Musk later sold short shorts on Tesla's website for his favorite price of .420 (if you don't get the reference, ask my readers in the comments-I'm sure they'll tell you). Today, Tesla's short interest is less than 6 percent, according to the Seeking Alpha dashboard. Some of this is likely related to convertible arbitrage with Tesla's debt, meaning that the true short interest is lower. ~6 percent short interest is above average, but by no means is an abnormal amount of short interest, as the 99th percentile for short interest usually corresponds to a level of 20 percent of shares outstanding or higher. The institutional appetite for betting against Tesla is simply not there anymore. Short sellers in Tesla have long ago thrown in the towel.

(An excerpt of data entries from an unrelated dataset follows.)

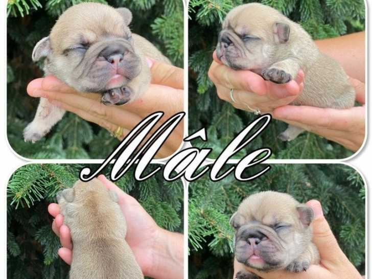 Nous avons des chiots Bouledogues Français nés le 09 août 2022, qui sont disponibles à la réservation : une femelle blanche, deux mâles fauve et un mâle noir.
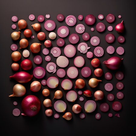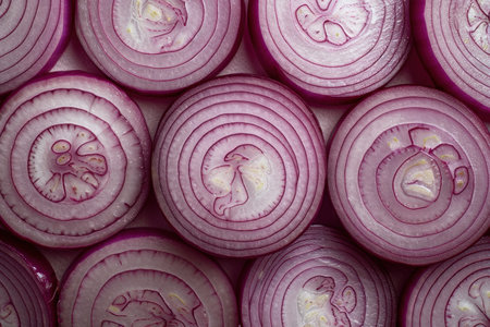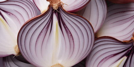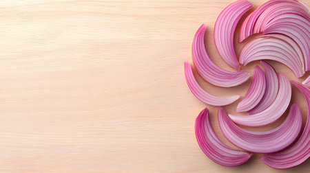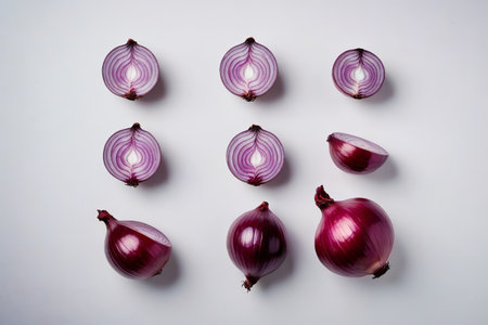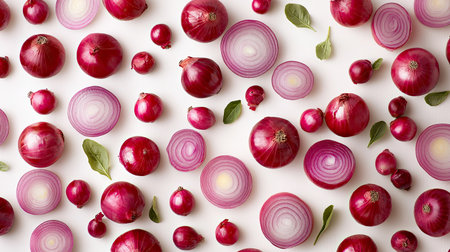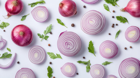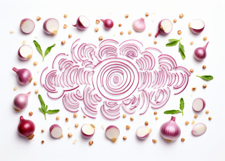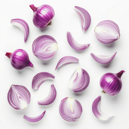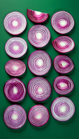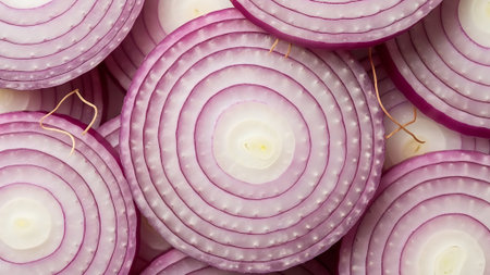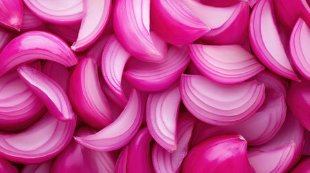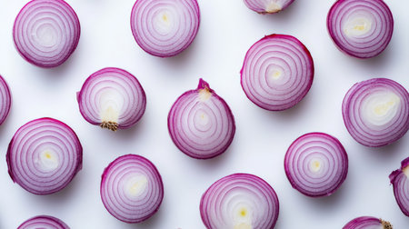 A visually striking arrangement of sliced red onions showcases their vibrant color and texture, perfect for food art or culinary presentations on a clean background.
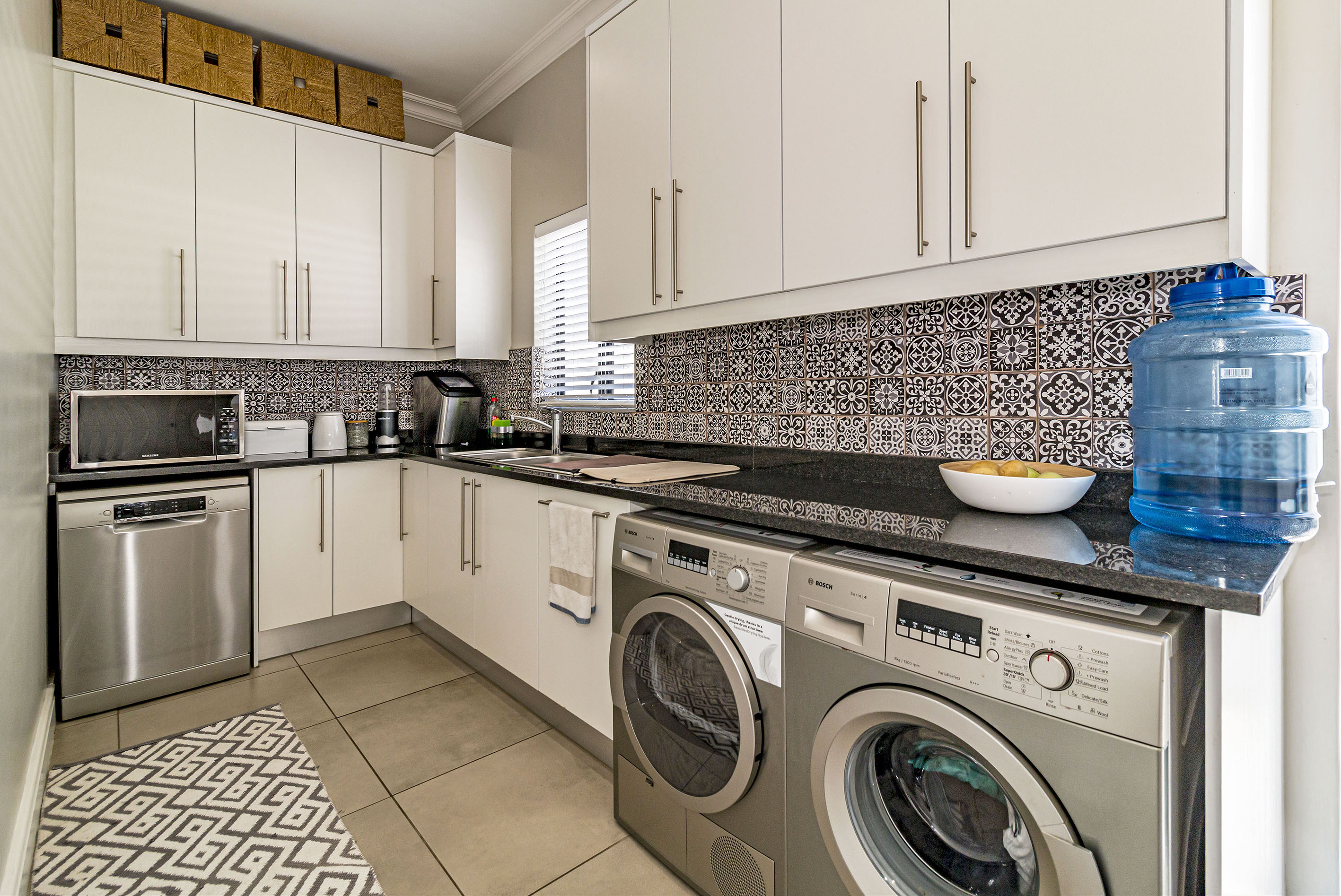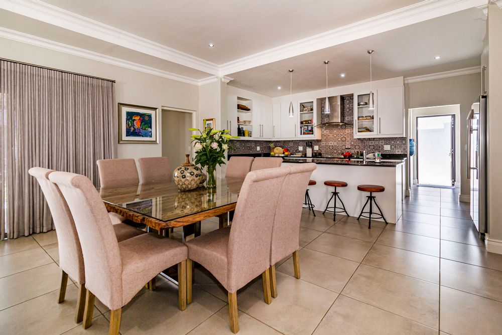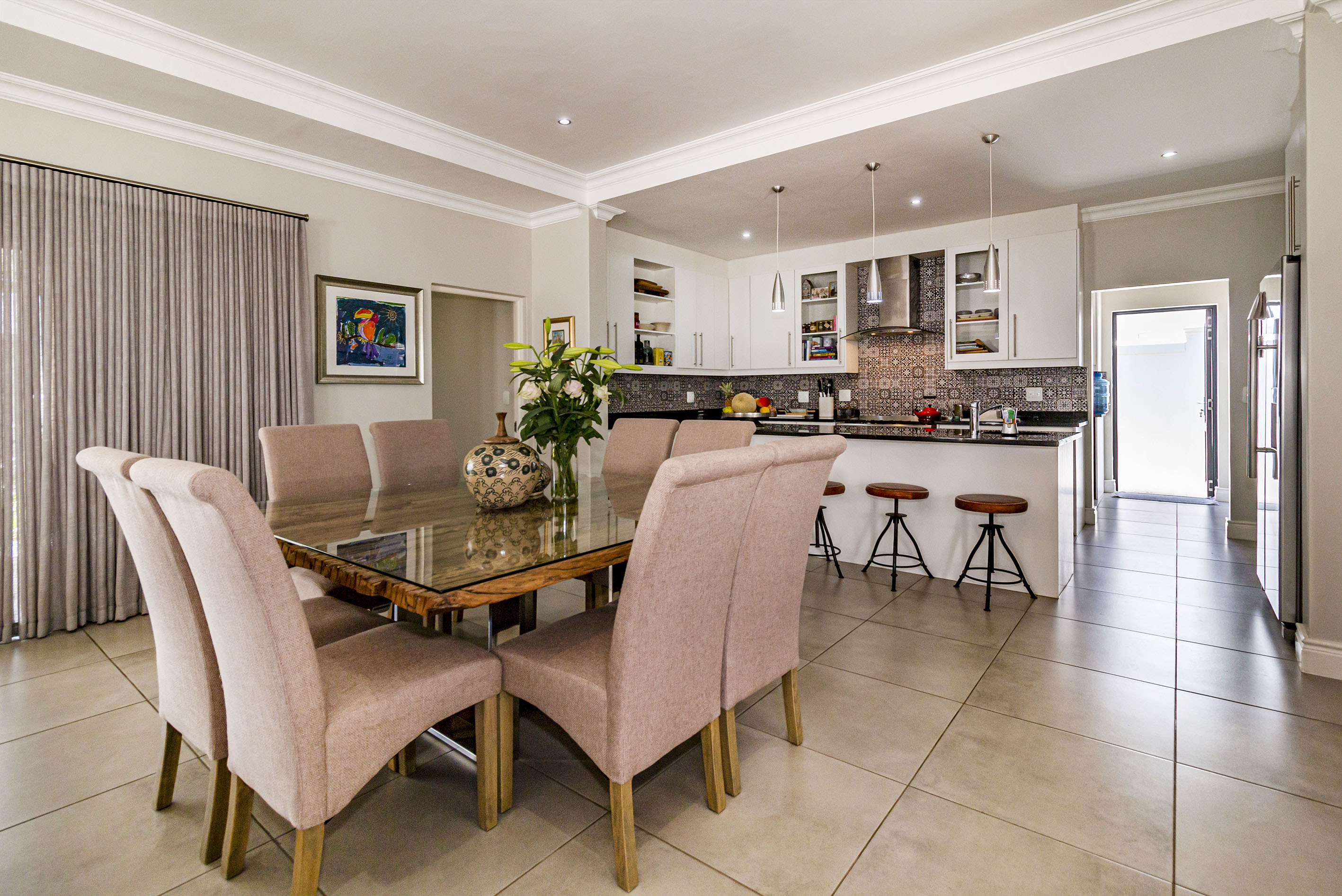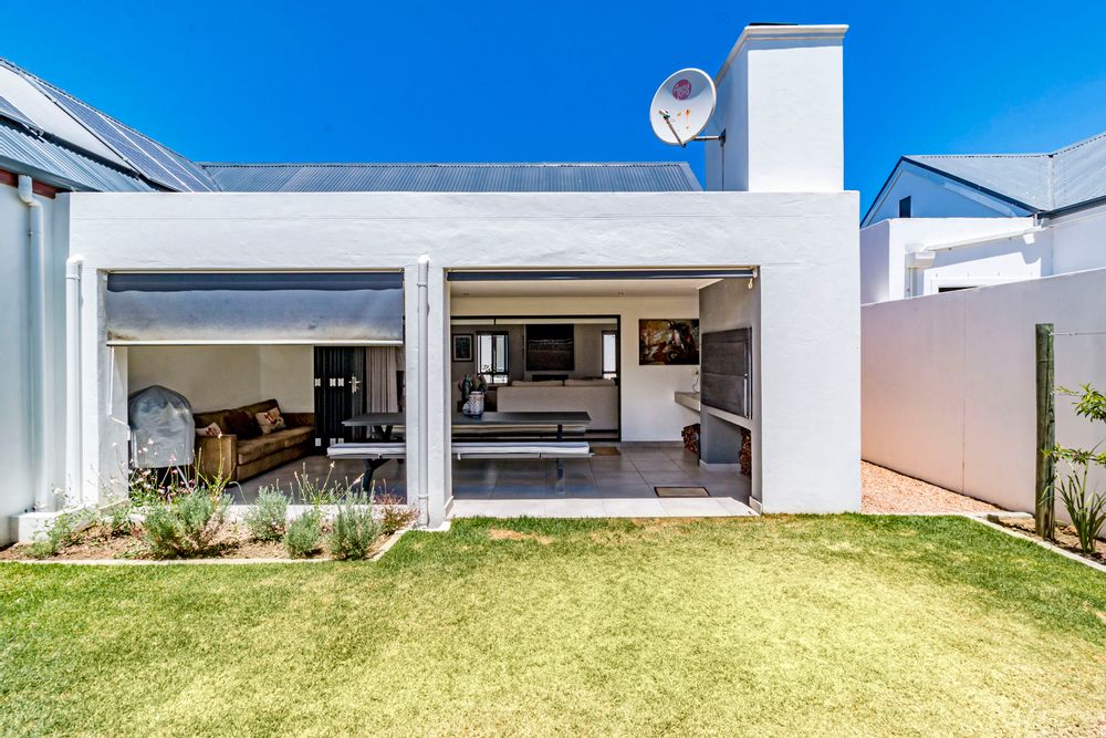 Experience a beautifully designed 4-bedroom, 3-bathroom home that combines sustainability with luxury. This residence features solar panels with an inverter for energy efficiency, ensuring lower electricity costs. The spacious open-plan living and kitchen area is designed for a chef’s delight, boasting designer finishes, modern appliances, a granite counter top, and a breakfast bar. Beautiful tiled flooring runs throughout, adding a clean, contemporary feel. A built-in braai and a covered entertainment area provide the perfect setting for outdoor gatherings, while the main suite offers a walk-in wardrobe and an en-suite shower. The manicured garden completes the package, and a double lock-up garage with automatic doors adds convenient secure parking. Located conveniently close to the beach, shops, and schools, this home is ideal for versatile family living.

2. At risk of bankruptcy in the near future. The main reason that Tesla was so heavily shorted in the past is that they were in danger of running out of cash. After the surge in Tesla's share price, Tesla has raised so much capital at such a low cost that liquidity simply isn't an issue anymore.

And here's what Tesla is:

1. A low-margin, capital expenditure heavy business. There are simple, beautiful businesses in the world that are hard to screw up. These kinds of businesses require little to no capital to operate, and often as a result have no need to be publicly traded. Tesla is the opposite-their margins are low, their fixed costs and labor requirements are high, and to keep up with the competition requires them to invest billions in capital expenditures like new factories. This makes Tesla a risky business, and this is the reason that most automakers have gone eventually gone bankrupt at one point or another. If you look at Tesla's cash flow statement, their capex is almost always higher than their depreciation and amortization, which generally indicates aggressive accounting, aggressive business strategy, or both in the case of Tesla. Another interesting point is that Tesla made more profit on Bitcoin than they made in net income in the trailing 12 months, which shows how hard it is to make a buck as an automaker.

2. A world leader in innovation. Tesla isn't the most profitable business in the world, but Elon Musk is an engineering genius who a big part of moving the automotive industry forward from internal combustion engines to electric motors. This means that Tesla is likely to have a high valuation compared to its earnings based on pure popularity. The problem with this is that Tesla doesn't exactly have a monopoly on electric vehicles. Automakers have successfully adapted to new technology over time, such as automatic transmissions and power steering. While Tesla is currently leading electric vehicle sales in the United States, they're going to need to spend a ton of money to maintain this advantage in market share.

3. Overvalued based on business fundamentals. When Tesla reports earnings, they always report their non-GAAP earnings in the press release. This way they can exclude Elon Musk's compensation from earnings, among other things. Tesla makes a little money, but not much. Any way you slice it, Tesla trades for more than 100x their projected 2022 earnings. In my affluent corner of Texas, Tesla's are a dime a dozen, so it's not like we're dealing with an early-stage company. Tesla is a huge company, and its valuation is even more massive than its earnings, or even earnings potential based on reasonable estimates for the next few years. Over the long run, stock returns really do converge with business fundamentals, which account for 95 percent of long-run equity returns. Tesla's earlier valuations were supported by the plausible, since late 2019, this is no longer true. This is the point that effectively supersedes all the other points. The below graph shows business performance vs changes in PE ratios.

38513626-1616371695834254.png

Source: The Journal of Portfolio Management

In the long run, there's a 95 percent correlation between the success of an underlying business and the cash flows therein and stock performance. I've made money trading Tesla in the past but the valuation makes no sense to me. When I owned Tesla in 2014 and 2015, you didn't have to jump through as many logical hoops to justify the valuation, and honestly, after a 10x runup without corresponding success at the underlying business, this is an easy stock for me to avoid. I wouldn't buy the dip here.